ISSS608 2016-17 T1 Assign3 Zhang Jinchuan
introduction
DinoFun World is a typical modest-sized amusement park, sitting on about 215 hectares and hosting thousands of visitors each day. It has a small town feel, but it is well known for its exciting rides and events.
One event last year was a weekend tribute to Scott Jones, internationally renowned football star. Scott Jones is from a town nearby DinoFun World. He was a classic hometown hero, with thousands of fans who cheered his success as if he were a beloved family member. To celebrate his years of stardom in international play, DinoFun World declared “Scott Jones Weekend”, where Scott was scheduled to appear in two stage shows each on Friday, Saturday, and Sunday to talk about his life and career. In addition, a show of memorabilia related to his illustrious career would be displayed in the park’s Pavilion. However, the event did not go as planned. Scott’s weekend was marred by crime and mayhem perpetrated by a poor, misguided and disgruntled figure from Scott’s past.
While the crimes were rapidly solved, park officials and law enforcement figures are interested in understanding just what happened during that weekend to better prepare themselves for future events. They are interested in understanding how people move and communicate in the park, as well as how patterns changes and evolve over time, and what can be understood about motivations for changing patterns.
In this essay will tell the approaches by data analytics tools for the three questions:
- Identify those IDs that stand out for their large volumes of communication. For each of these IDs Characterize the communication patterns you see.Based on these patterns, what do you hypothesize about these IDs?
- Describe up to 10 communications patterns in the data. Characterize who is communicating, with whom, when and where.
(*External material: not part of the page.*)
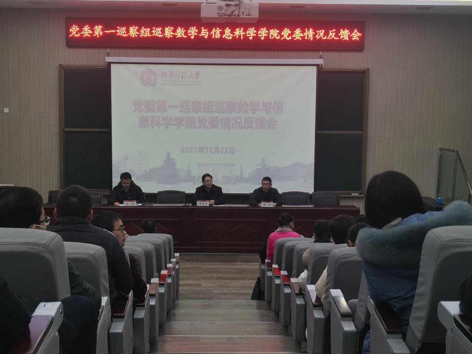 12月22日下午,按照校党委巡察工作安排,校党委第一巡察组向数学与信息科学学院反馈巡察工作情况。巡察组组长李保华、巡察组成员、学院领导班子及教职工参加会议。会议由数学与信息科学学院院长苗雨主持。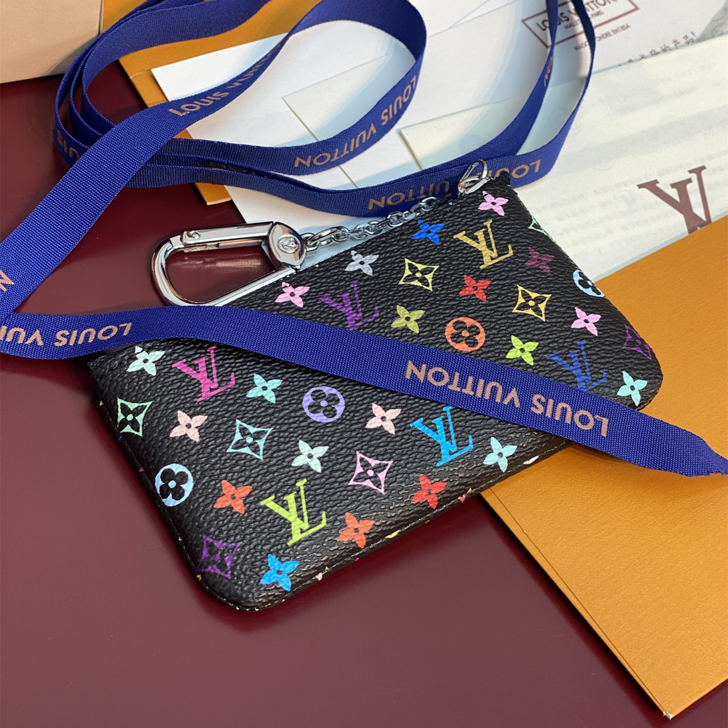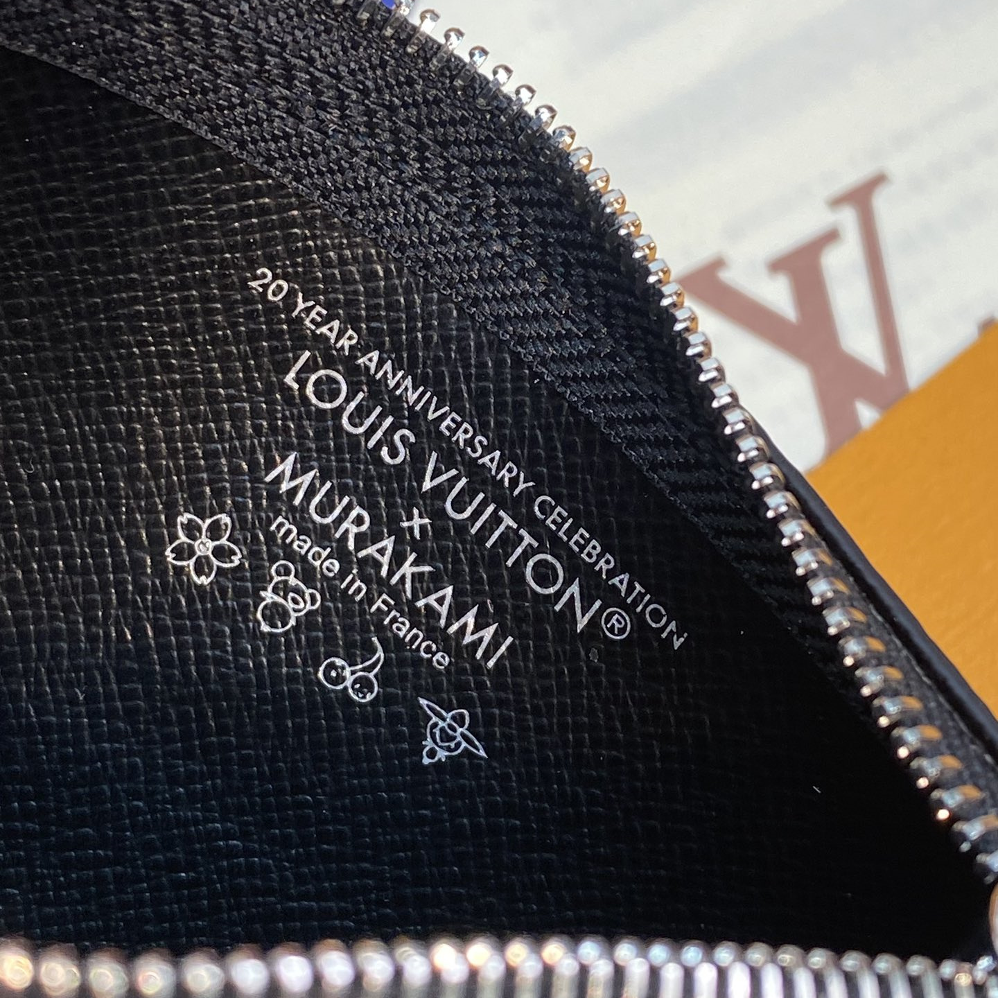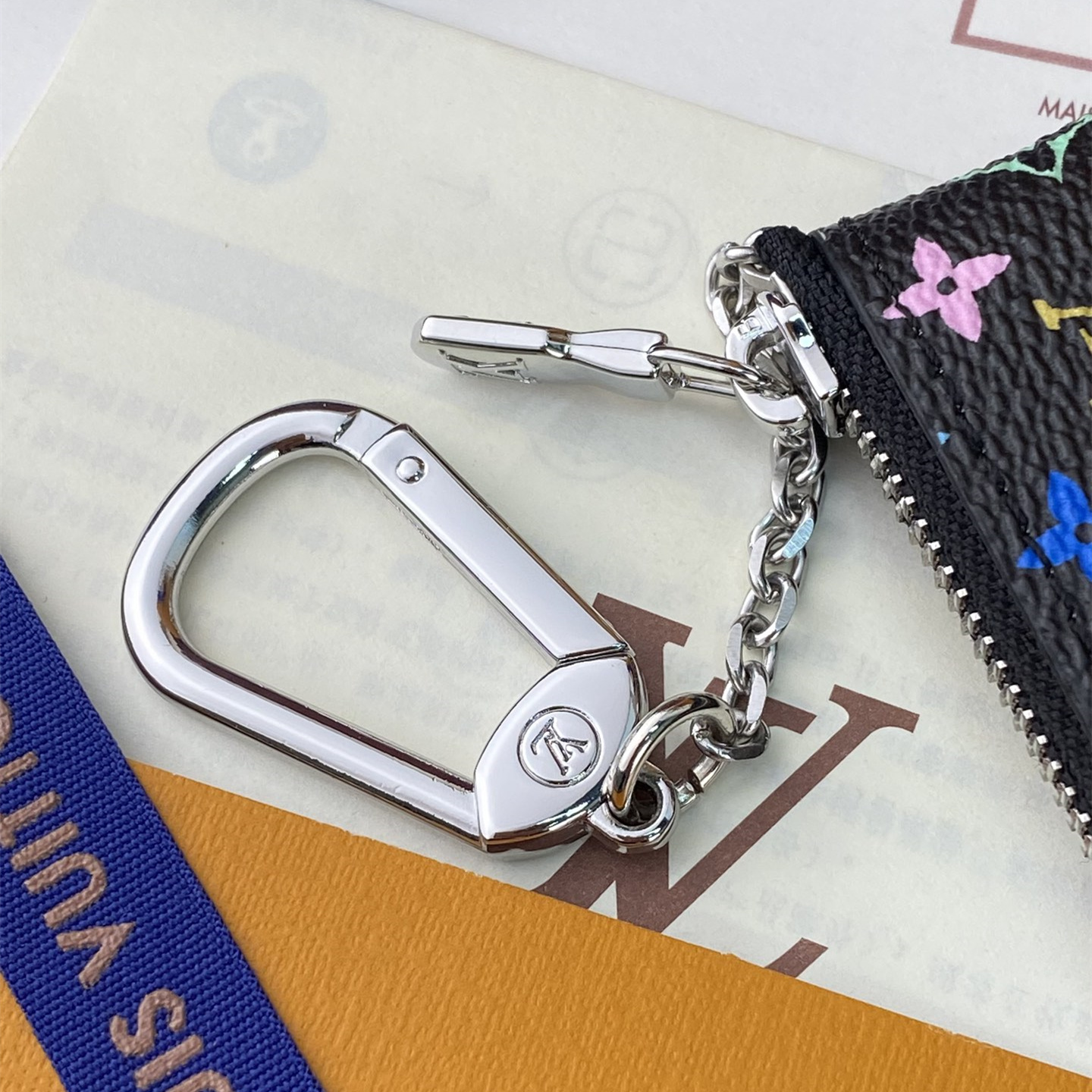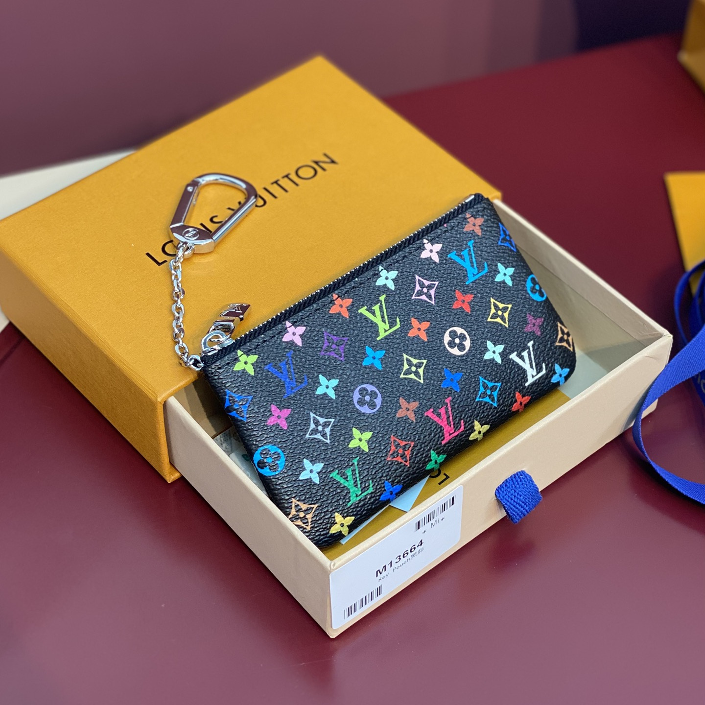Murakami系列的鑰匙零錢包M13664黑三彩繽紛絢麗,採用塗層帆布製成,充滿活力的標誌性Monogram圖案以日本藝術家村上隆的主題彩虹色調將品牌標誌重新演譯.鑰匙零錢包設有銀色拉鏈,並備有鏈帶及鉤扣,可穩妥存放鑰匙.

- From this data, can you hypothesize when the vandalism was discovered? Describe your rationals.
data explore
there are two parts of data,coummnication data and movement data. Communication data records how people communicate in the park. Movement data records the path people move in the park.
Because the volume of the data is quite big. So we can assump that only the large volumes of communication of people are the people we should focus on. By filtering the data we can deal with them and detective the crimes more easily. For example, choosing the tourists with large volumes communication record and regarding them as the satuarday communication data.
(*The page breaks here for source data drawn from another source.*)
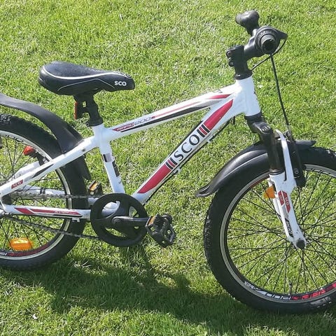 Ghost børnecykel med 20" hjul, sort stel med gule detaljer og gear. Har forgaffel med affjedring og håndbremser foran og bagpå.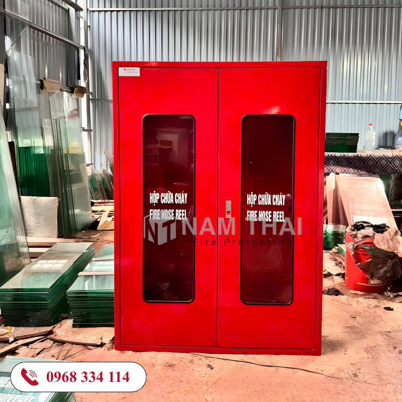 👉 Tủ treo vòi Nam Thái: Vòi đã được gấp nếp sẵn trên 40 đinh treo. Khi cần dùng, người lính cứu hỏa chỉ cần cầm đầu lăng phun và chạy về phía đám cháy, vòi sẽ tự động tuột khỏi đinh và duỗi thẳng tức thì. Tiết kiệm thời gian vàng!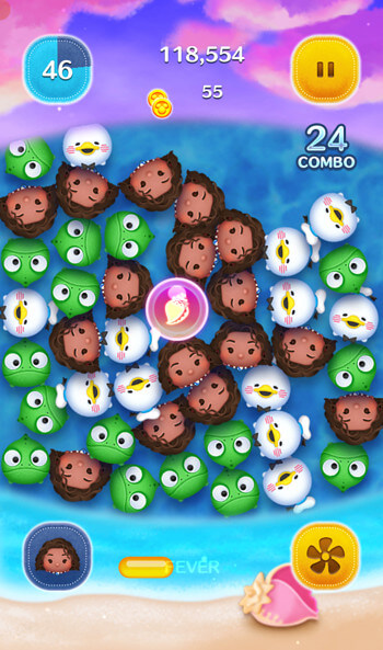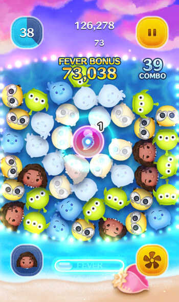 4個以上あれば、1回のタップで30個以上のツムを消すことも。

By noticing in the colume "to", there are "external" value, considering the people communicate with outside could be useless in the crimes analysis work, so delete them.
By using JMP tool, we can make some sheets showing the number of commnication, they can be useful in the next analytics work.
Approaches
Q1:Identify those IDs that stand out for their large volumes of communication. For each of these IDs Characterize the communication patterns you see.Based on these patterns, what do you hypothesize about these IDs?
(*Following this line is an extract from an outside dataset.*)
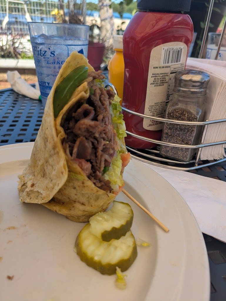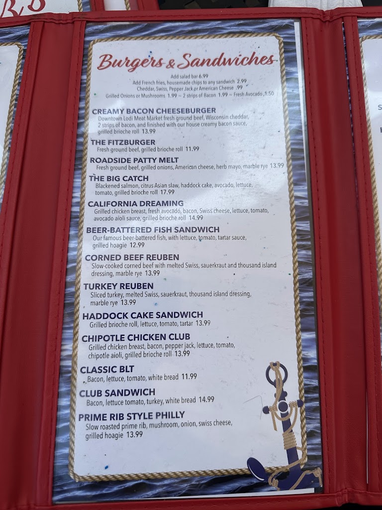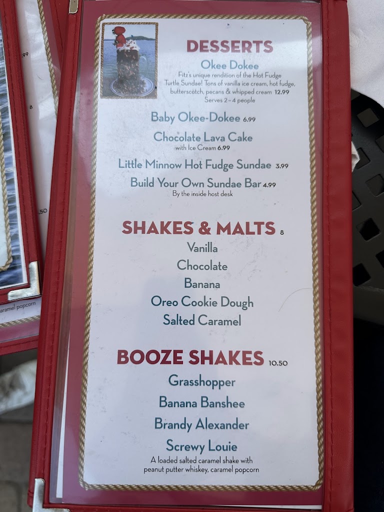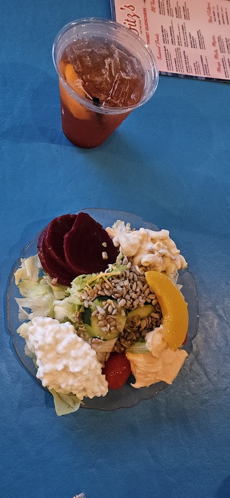 We were nearby for the Susie the Duck festivities and Fitz's was recommended. My wife had the 16oz prime rib which was good, not the best, not the worst. I had a haddock cake sandwich which was also ok, much different texture than your standard fish sandwich which was also on the menu. There was an extra charge for most sides, even potato chips with sandwiches. I felt it was expensive for what we had given the quality. The normally open eating area was enclosed due to rain, which is understandable, but there was nearly only picnic table seating, no seat backs so we ate inside. The service was great and there was a singer with guitar for entertainment.
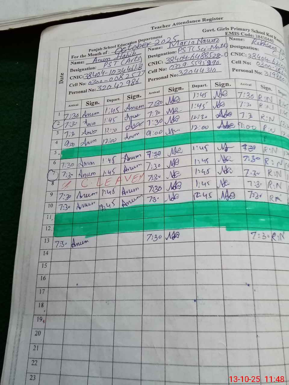 | CNIC | Full Name | Designation | R/C | Absence during last cal. month |

Based on the communicate data, we can get one sheet having the number of record of every people's communication in two aspects, from and to. defining the top 10% of them are high communicaters. in these people, there are two people owned extremly high record, their IDs are: 1278894 and 839736.
we can see these points more clearly in the Gephi graph, we can easily see they collect with almost every people, which means, they communicate with almost everyone. So based on this pattern, we can hypothesize they are the staff of the park, they are responside for the security of this park.
In addition, we can see their record of communication for the 12 work hours.
Q2:Describe up to 10 communications patterns in the data. Characterize who is communicating, with whom, when and where.
we can make a comparation about these tourists communicate with people who communicate high and people who are not frequency talking. By setting a new columes named Central ratio, which is the ratio of the number of these two kinds of people. Based on the ratio we can part them into three patterns, high, medium and low.
If we assume people moved or travel in groups, the large volumes communication people are the central points of groups. The first one patterns are the central points of the groups, which need frequency communicate with other groups. The second patterns and the third patterns are the rests of the groups, more accuracy, the second pattern should be higher level compared with the third pattern. So they do not need to communicate with others. The cases people communicate with external are normal since it is normal that people talked with their friends, colleagues and bosses.
According to the movement data, we found these people who moved a lot shared the same path. So we can assume they are in a same group. their IDs are: 160977, 1633069, 36415 and 67918.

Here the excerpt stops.